### INFORMATION PROVIDED
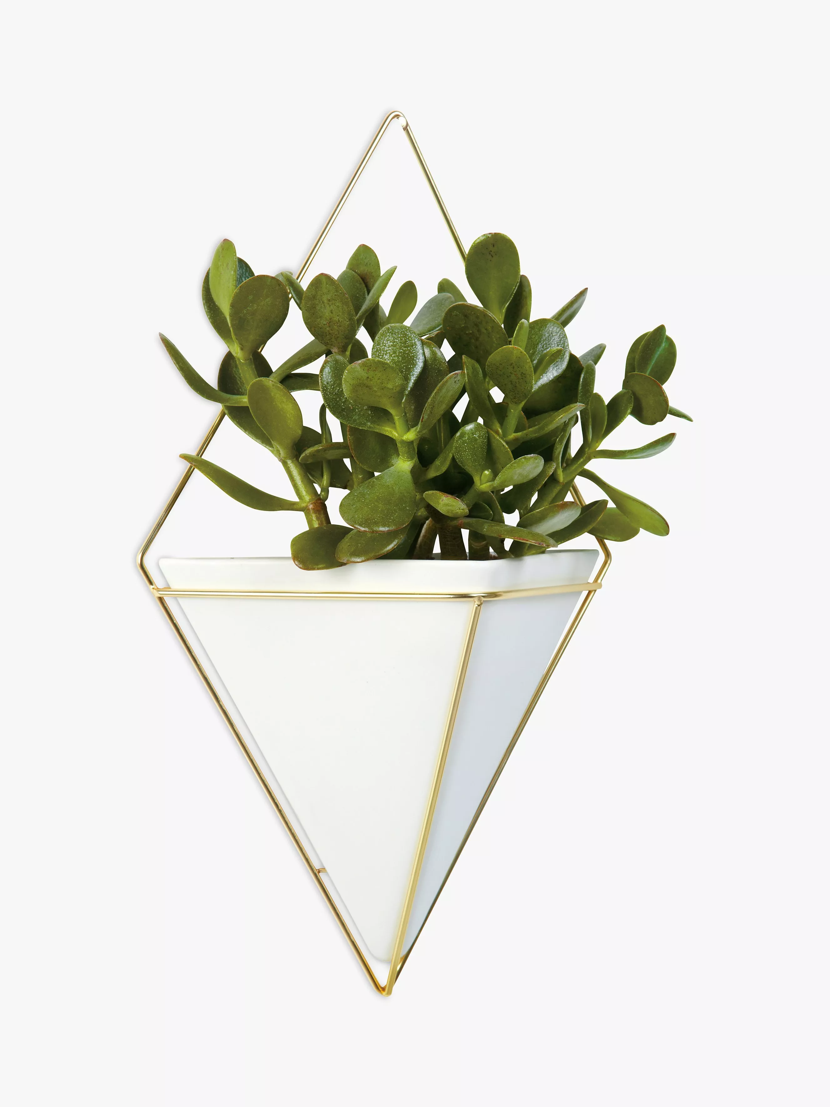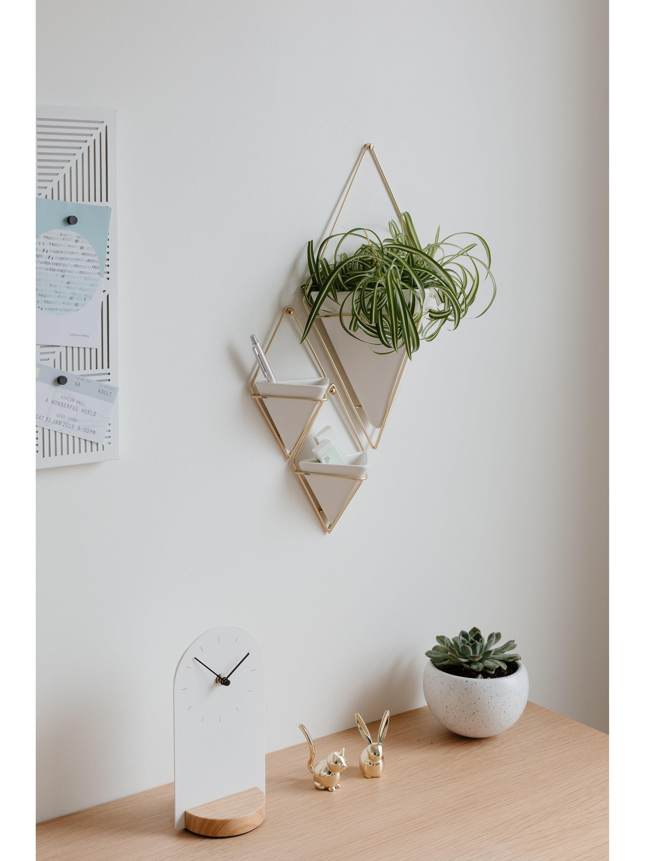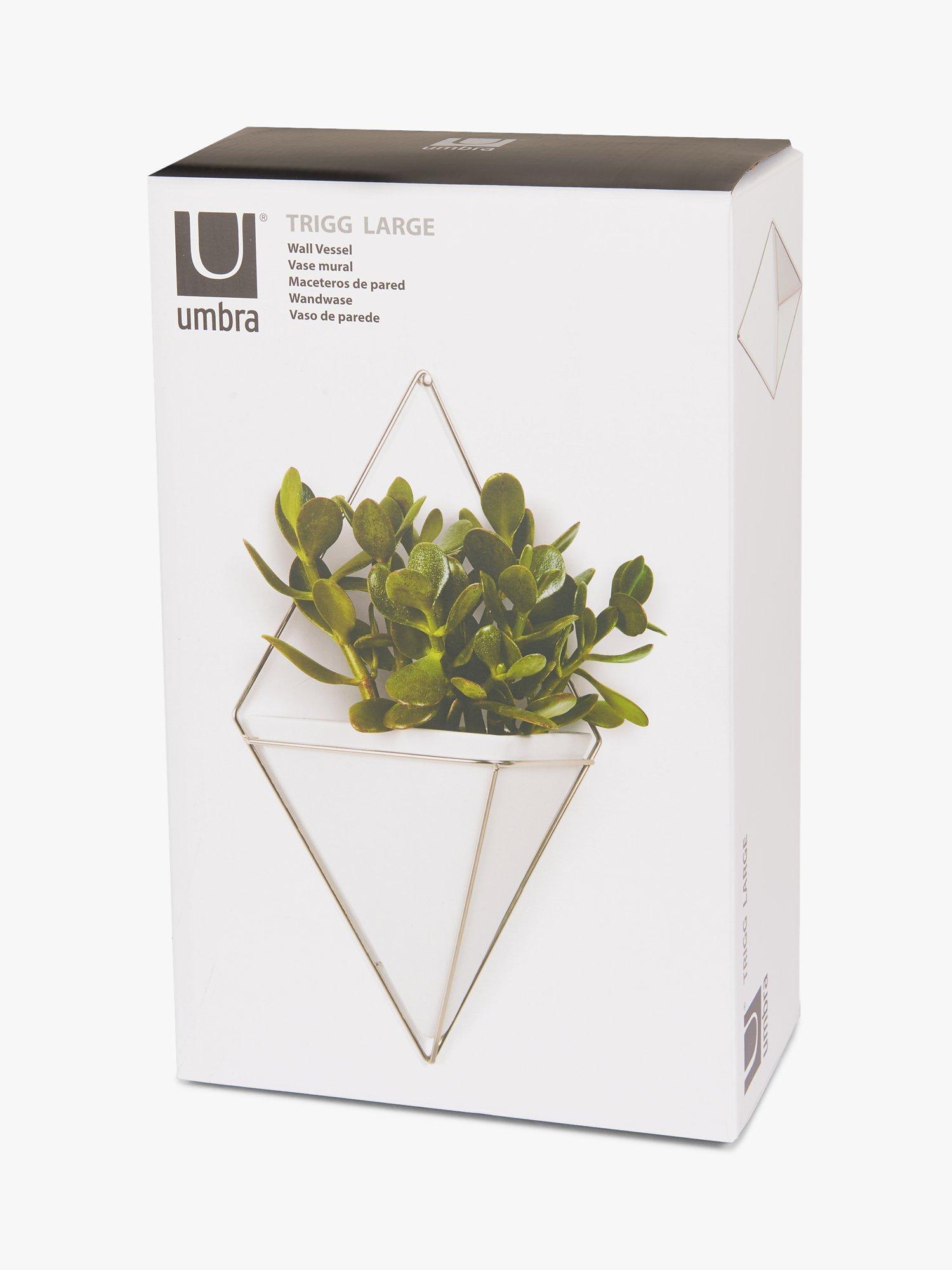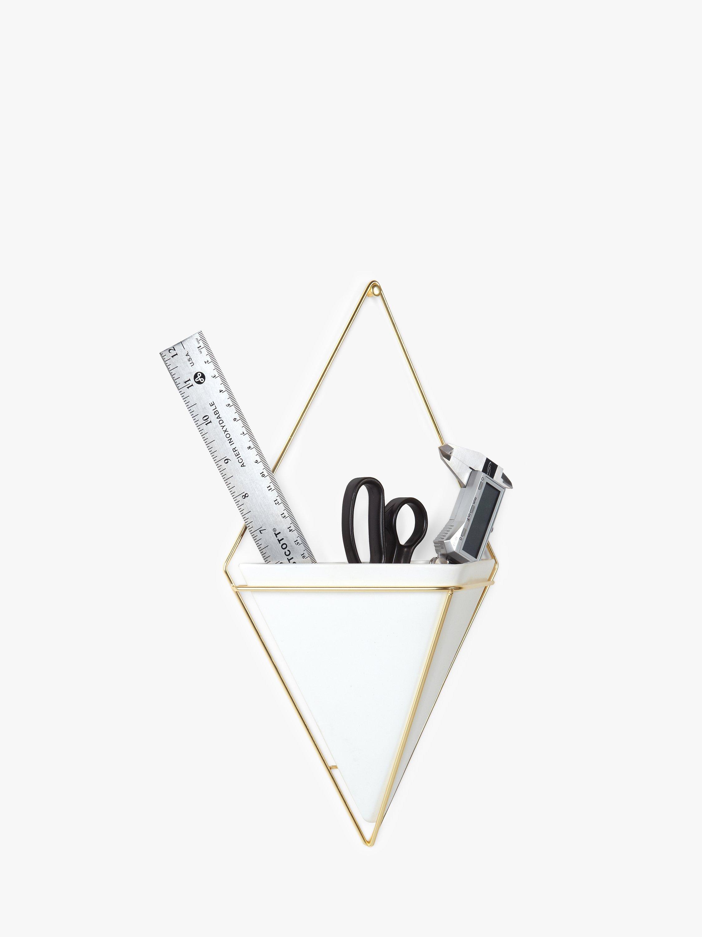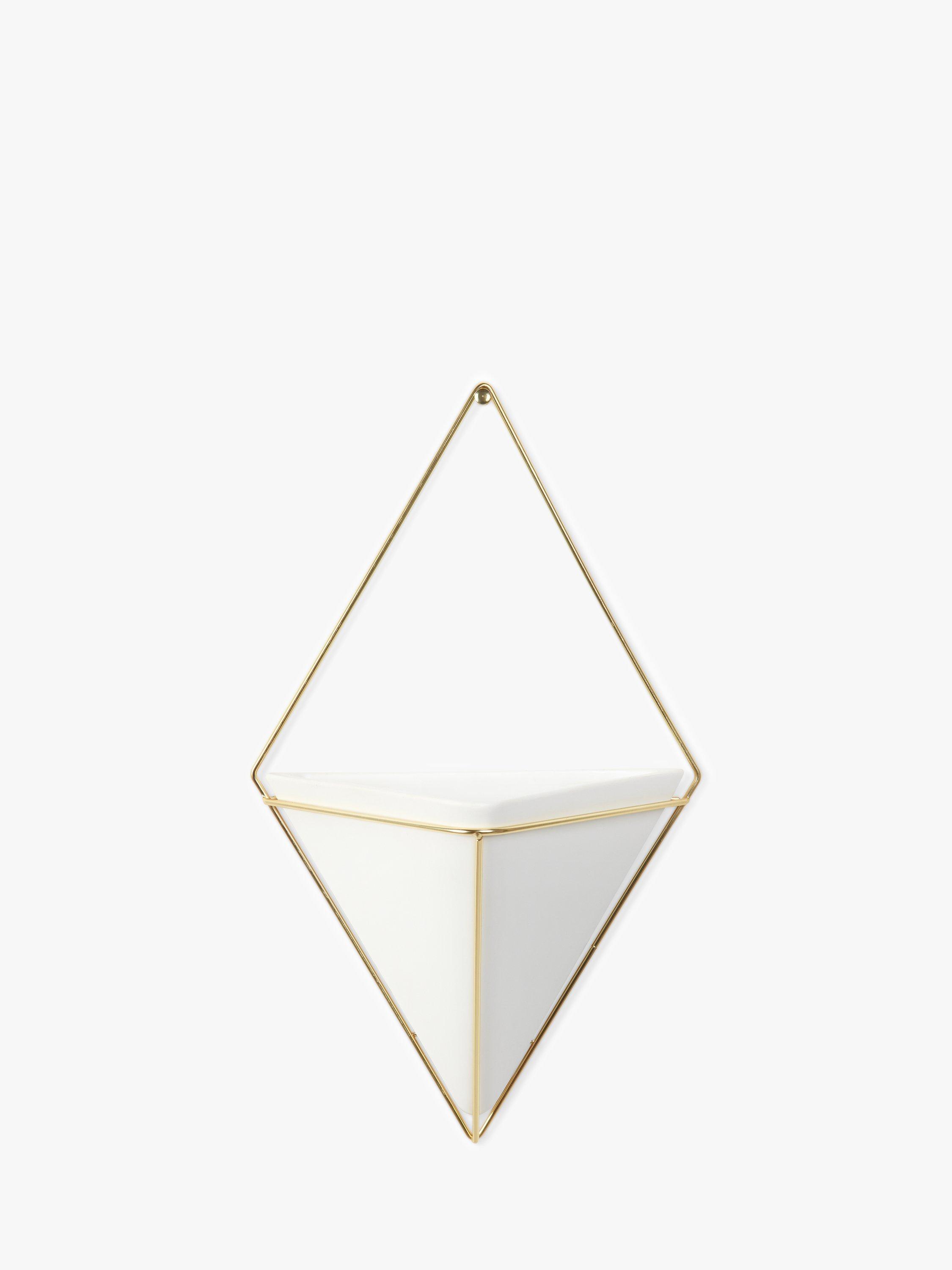 The large wall-mounted Trigg vessel from Umbra is a ceramic diamond shape held by a plated wire frame. Ideal for keeping indoor plants or as a holder for household and office items such as keys, stationery and even make-up accessories.
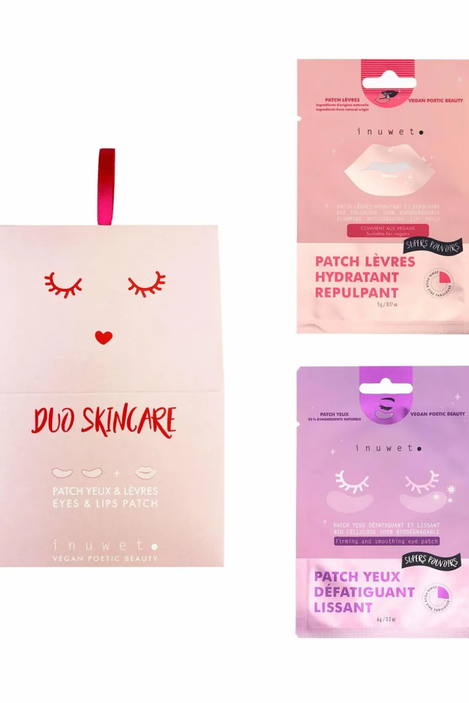 Patchs lèvres: AQUA, BUTYLENE GLYCOL, GLYCERIN, TREHALOSE, HYDROXYACETOPHENONE, 1,2-HEXANEDIOL, XANTHAN GUM, NIACINAMIDE, AMMONIUM ACRYLOYLDIMETHYLTAURATE/VP COPOLYMER, CAULERPA LENTILLIFERA EXTRACT, CHENOPODIUM FORMOSANUM SEED EXTRACT, FRAGRANCE, SODIUM HYALURONATE
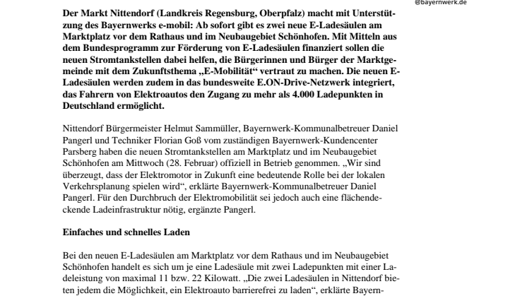 Der Markt Nittendorf (Landkreis Regensburg, Oberpfalz) macht mit Unterstützung des Bayernwerks e-mobil: Ab sofort gibt es zwei neue E-Ladesäulen am Marktplatz vor dem Rathaus und im Neubaugebiet Schönhofen. Mit Mitteln aus dem Bundesprogramm zur Förderung von E-Ladesäulen finanziert sollen die neuen Stromtankstellen dabei helfen, die Bürgerinnen und Bürger der Marktgemeinde mit dem Zukunftsthema „E-Mobilität“ vertraut zu machen. Die neuen E-Ladesäulen werden zudem in das bundesweite E.ON-Drive-Netzwerk integriert, das Fahrern von Elektroautos den Zugang zu mehr als 4.000 Ladepunkten in Deutschland ermöglicht.
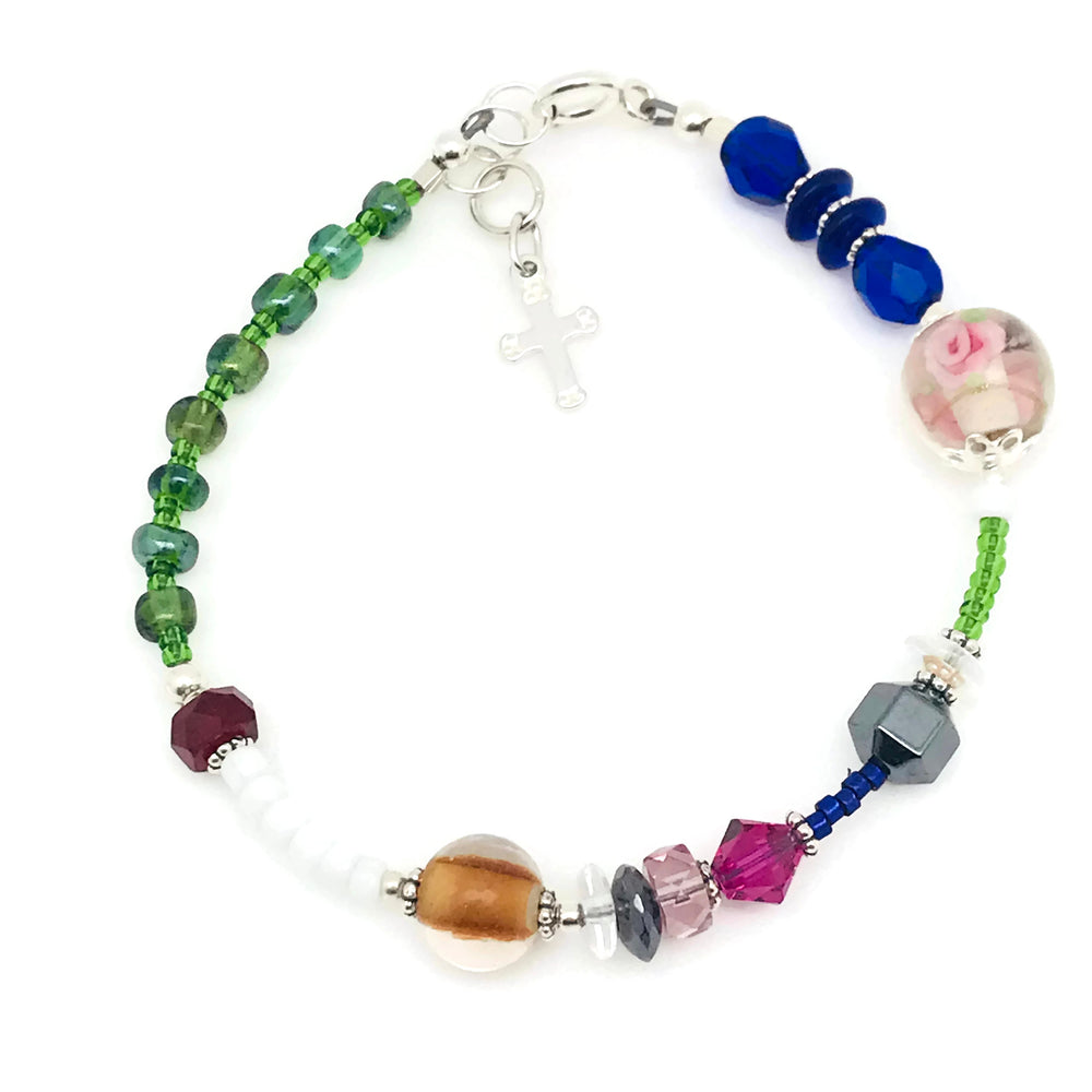 Our Women's Liturgical Church Year Prayer Bracelets are designed to represent the seasons of the Christian church calendar, beginning with Advent and ending with Christ the King Sunday. Individual bracelets will resemble the one pictured, but the beads on each bracelet are unique--just like our faith! Each bracelet is made with a combination of glass beads from around the world, Swarovski Austrian crystals, hematite and sterling silver spacers, clasp and cross.  Choose your size from 6.5 inches to 8.5 inches.  Each bracelet has a clasp chain that allows for half an inch of adjustment.

### YOUR OBJECTIVE
Each line above is to be copied exactly, and the pictures are to be dropped.

### RESPONSE TO THE TASK
 The large wall-mounted Trigg vessel from Umbra is a ceramic diamond shape held by a plated wire frame. Ideal for keeping indoor plants or as a holder for household and office items such as keys, stationery and even make-up accessories.
 Patchs lèvres: AQUA, BUTYLENE GLYCOL, GLYCERIN, TREHALOSE, HYDROXYACETOPHENONE, 1,2-HEXANEDIOL, XANTHAN GUM, NIACINAMIDE, AMMONIUM ACRYLOYLDIMETHYLTAURATE/VP COPOLYMER, CAULERPA LENTILLIFERA EXTRACT, CHENOPODIUM FORMOSANUM SEED EXTRACT, FRAGRANCE, SODIUM HYALURONATE
 Der Markt Nittendorf (Landkreis Regensburg, Oberpfalz) macht mit Unterstützung des Bayernwerks e-mobil: Ab sofort gibt es zwei neue E-Ladesäulen am Marktplatz vor dem Rathaus und im Neubaugebiet Schönhofen. Mit Mitteln aus dem Bundesprogramm zur Förderung von E-Ladesäulen finanziert sollen die neuen Stromtankstellen dabei helfen, die Bürgerinnen und Bürger der Marktgemeinde mit dem Zukunftsthema „E-Mobilität“ vertraut zu machen. Die neuen E-Ladesäulen werden zudem in das bundesweite E.ON-Drive-Netzwerk integriert, das Fahrern von Elektroautos den Zugang zu mehr als 4.000 Ladepunkten in Deutschland ermöglicht.
 Our Women's Liturgical Church Year Prayer Bracelets are designed to represent the seasons of the Christian church calendar, beginning with Advent and ending with Christ the King Sunday. Individual bracelets will resemble the one pictured, but the beads on each bracelet are unique--just like our faith! Each bracelet is made with a combination of glass beads from around the world, Swarovski Austrian crystals, hematite and sterling silver spacers, clasp and cross.  Choose your size from 6.5 inches to 8.5 inches.  Each bracelet has a clasp chain that allows for half an inch of adjustment.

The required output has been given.